Of course, if one accepts this formula as representing reality, then it is easy to see that if consumer spending drops—C goes down—and investment does not pick up the slack—perhaps it goes down, too!—then GNP goes down. But, is that the cavalry I hear? Yes, it is the federal government, armed with its checkbook drawn against its account of newly created fiat money at the central bank. All government (G) has to do is increase its spending. The new formula becomes: C + I + G = GNP.

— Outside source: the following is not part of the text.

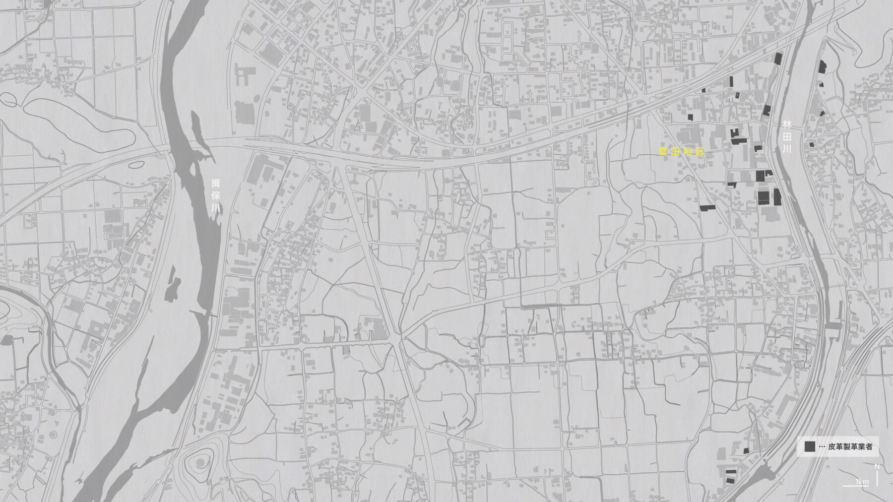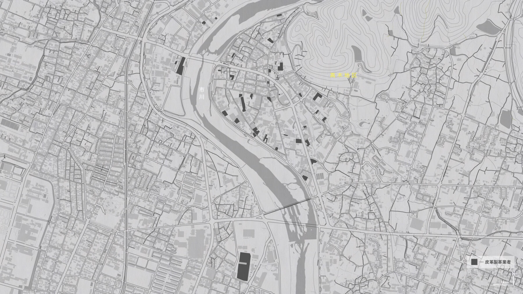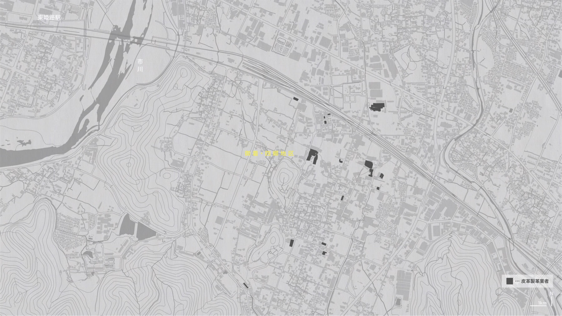 日本では、兵庫県の姫路市 / たつの市、東京都の台東区や墨田区、和歌山県の和歌山市、埼玉県の草加市が4大産地といわれている。それらの地域における、皮革・製革事業者の位置をタウンページより抽出し、地図内にマッピングする。その分布と地勢や歴史から関連性を読み解いていく。

But the law of diminishing marginal utility tells us that government spending can never deliver the same satisfaction to the market as private decisions. We may acquiesce in some government spending as the necessary cost of civilization—for example, spending on public safety and an efficient and honest system of courts—but other government spending preempts private choice by purchasing goods and services for us. In addition to the presumption that such spending is good for us despite the fact that we can choose to purchase these goods and services ourselves, if we so desire, government spending is inefficient for it lacks the profit motive and the all-important feedback mechanism of the market. Ludwig von Mises explained that such government interference in the market place cannot succeed in satisfying human wants, due to the absence of socialist calculation. For example, choosing which services, quantities, techniques, etc. for the proposed universal healthcare system is beyond the capability of any planning agency. Therefore, a better formula to the one above would show that for each dollar extracted by the government from the private sector is returned to it in the form of something less than a dollar’s worth of satisfaction. This would be the new formula: (C + I – G) + .8G = GNP. The greater the government spending (G), the lower GNP becomes. In addition, investment declines, which restricts future growth, and it becomes ever more difficult to save enough capital to replace the depreciating existing capital stock. Welcome to the new Great Depression.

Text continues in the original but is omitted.